*Dataset records*:

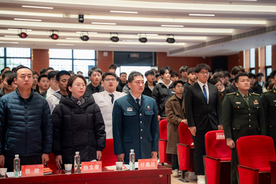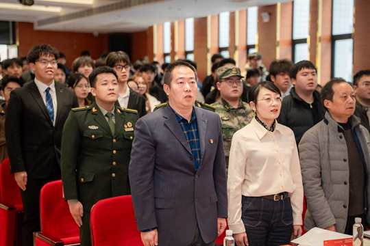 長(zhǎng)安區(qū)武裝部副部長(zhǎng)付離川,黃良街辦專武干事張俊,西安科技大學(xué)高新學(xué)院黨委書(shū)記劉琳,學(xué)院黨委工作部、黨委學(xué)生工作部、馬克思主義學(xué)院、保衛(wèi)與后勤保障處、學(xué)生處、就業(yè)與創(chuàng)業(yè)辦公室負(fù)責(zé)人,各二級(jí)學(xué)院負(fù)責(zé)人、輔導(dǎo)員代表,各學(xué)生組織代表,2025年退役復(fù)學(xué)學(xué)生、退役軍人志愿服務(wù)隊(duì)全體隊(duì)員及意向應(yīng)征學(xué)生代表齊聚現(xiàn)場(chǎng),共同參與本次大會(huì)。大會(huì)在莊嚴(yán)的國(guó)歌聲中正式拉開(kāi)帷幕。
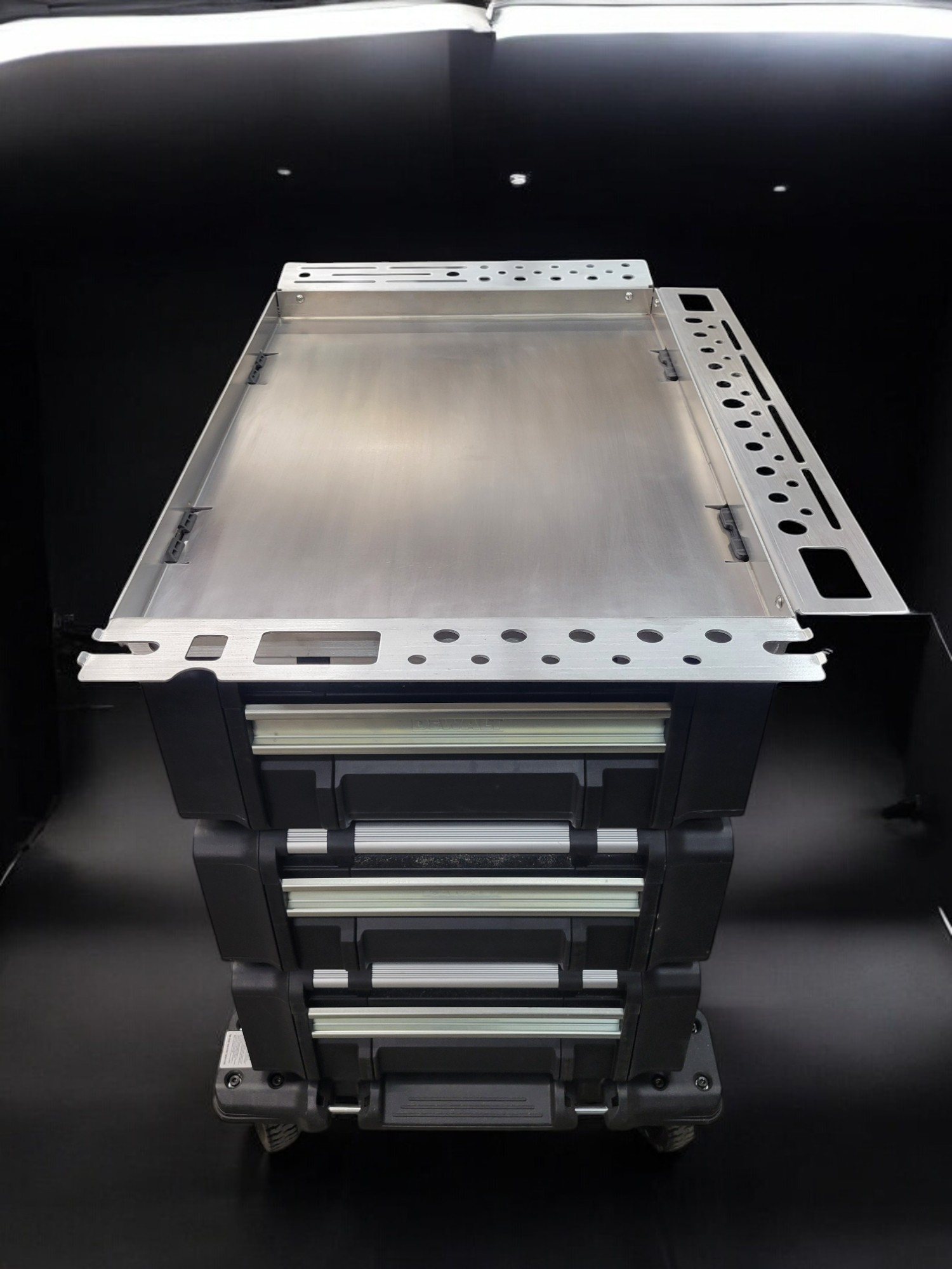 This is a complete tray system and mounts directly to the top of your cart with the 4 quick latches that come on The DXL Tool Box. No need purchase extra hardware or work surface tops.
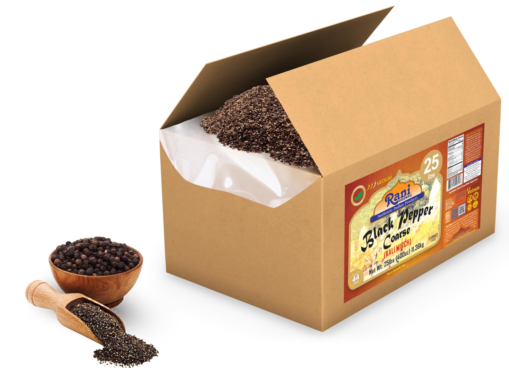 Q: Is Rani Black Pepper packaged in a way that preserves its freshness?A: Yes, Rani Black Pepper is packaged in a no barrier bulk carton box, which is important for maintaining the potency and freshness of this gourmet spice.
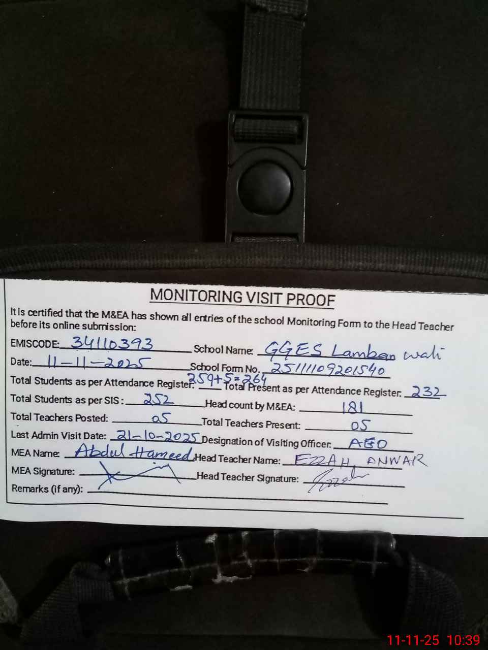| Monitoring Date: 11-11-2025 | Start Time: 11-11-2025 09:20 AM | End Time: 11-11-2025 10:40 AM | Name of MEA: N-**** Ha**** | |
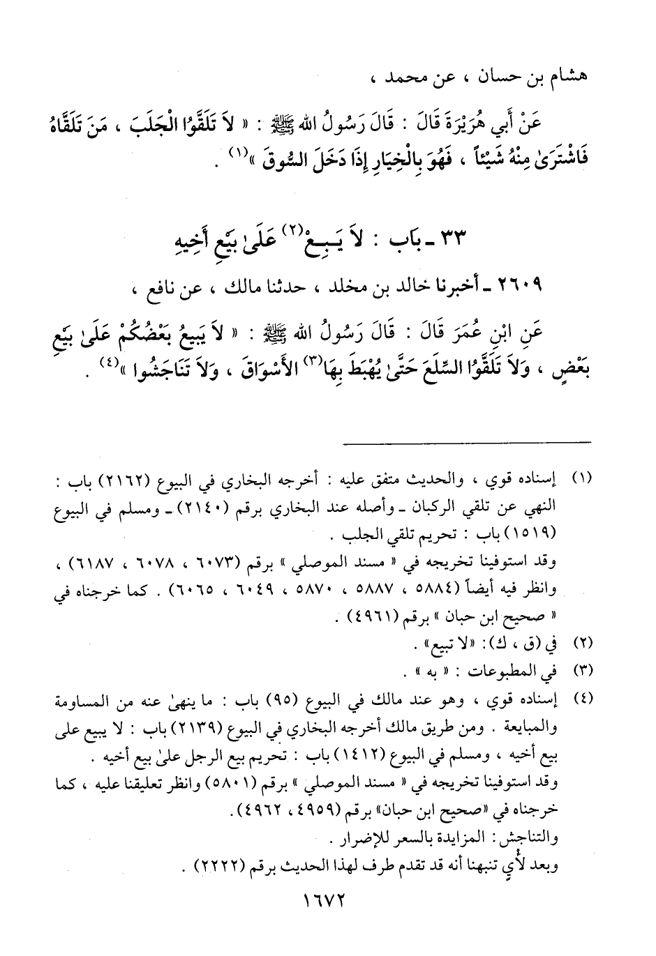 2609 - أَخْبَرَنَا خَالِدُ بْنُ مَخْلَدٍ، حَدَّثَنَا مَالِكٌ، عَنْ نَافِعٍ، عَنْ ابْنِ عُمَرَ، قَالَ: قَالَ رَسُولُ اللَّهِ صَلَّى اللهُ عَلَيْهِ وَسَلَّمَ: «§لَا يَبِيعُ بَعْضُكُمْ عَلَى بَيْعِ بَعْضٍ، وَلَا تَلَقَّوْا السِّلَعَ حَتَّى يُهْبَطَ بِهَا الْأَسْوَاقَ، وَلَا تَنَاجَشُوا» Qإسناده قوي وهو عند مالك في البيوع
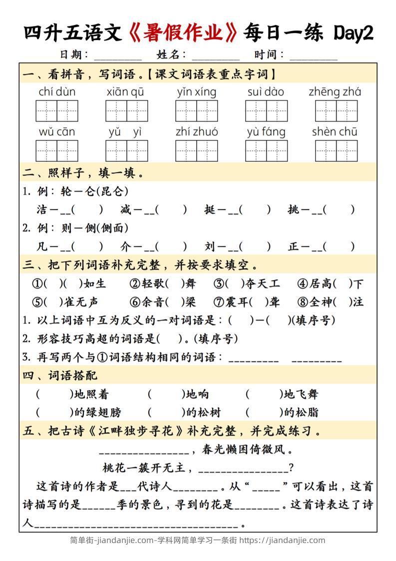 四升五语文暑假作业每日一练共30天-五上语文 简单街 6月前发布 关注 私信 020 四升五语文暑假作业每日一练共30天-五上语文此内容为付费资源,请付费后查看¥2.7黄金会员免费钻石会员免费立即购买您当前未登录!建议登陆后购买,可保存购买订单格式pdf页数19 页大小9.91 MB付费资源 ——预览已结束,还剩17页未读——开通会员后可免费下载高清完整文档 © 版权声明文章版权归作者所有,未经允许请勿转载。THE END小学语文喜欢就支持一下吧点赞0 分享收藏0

*Task item*: The expected output is the whole listing, word for word, minus its pictures.

*Solved problem*:
 長(zhǎng)安區(qū)武裝部副部長(zhǎng)付離川,黃良街辦專武干事張俊,西安科技大學(xué)高新學(xué)院黨委書(shū)記劉琳,學(xué)院黨委工作部、黨委學(xué)生工作部、馬克思主義學(xué)院、保衛(wèi)與后勤保障處、學(xué)生處、就業(yè)與創(chuàng)業(yè)辦公室負(fù)責(zé)人,各二級(jí)學(xué)院負(fù)責(zé)人、輔導(dǎo)員代表,各學(xué)生組織代表,2025年退役復(fù)學(xué)學(xué)生、退役軍人志愿服務(wù)隊(duì)全體隊(duì)員及意向應(yīng)征學(xué)生代表齊聚現(xiàn)場(chǎng),共同參與本次大會(huì)。大會(huì)在莊嚴(yán)的國(guó)歌聲中正式拉開(kāi)帷幕。
 This is a complete tray system and mounts directly to the top of your cart with the 4 quick latches that come on The DXL Tool Box. No need purchase extra hardware or work surface tops.
 Q: Is Rani Black Pepper packaged in a way that preserves its freshness?A: Yes, Rani Black Pepper is packaged in a no barrier bulk carton box, which is important for maintaining the potency and freshness of this gourmet spice.
| Monitoring Date: 11-11-2025 | Start Time: 11-11-2025 09:20 AM | End Time: 11-11-2025 10:40 AM | Name of MEA: N-**** Ha**** | |
 2609 - أَخْبَرَنَا خَالِدُ بْنُ مَخْلَدٍ، حَدَّثَنَا مَالِكٌ، عَنْ نَافِعٍ، عَنْ ابْنِ عُمَرَ، قَالَ: قَالَ رَسُولُ اللَّهِ صَلَّى اللهُ عَلَيْهِ وَسَلَّمَ: «§لَا يَبِيعُ بَعْضُكُمْ عَلَى بَيْعِ بَعْضٍ، وَلَا تَلَقَّوْا السِّلَعَ حَتَّى يُهْبَطَ بِهَا الْأَسْوَاقَ، وَلَا تَنَاجَشُوا» Qإسناده قوي وهو عند مالك في البيوع
 四升五语文暑假作业每日一练共30天-五上语文 简单街 6月前发布 关注 私信 020 四升五语文暑假作业每日一练共30天-五上语文此内容为付费资源,请付费后查看¥2.7黄金会员免费钻石会员免费立即购买您当前未登录!建议登陆后购买,可保存购买订单格式pdf页数19 页大小9.91 MB付费资源 ——预览已结束,还剩17页未读——开通会员后可免费下载高清完整文档 © 版权声明文章版权归作者所有,未经允许请勿转载。THE END小学语文喜欢就支持一下吧点赞0 分享收藏0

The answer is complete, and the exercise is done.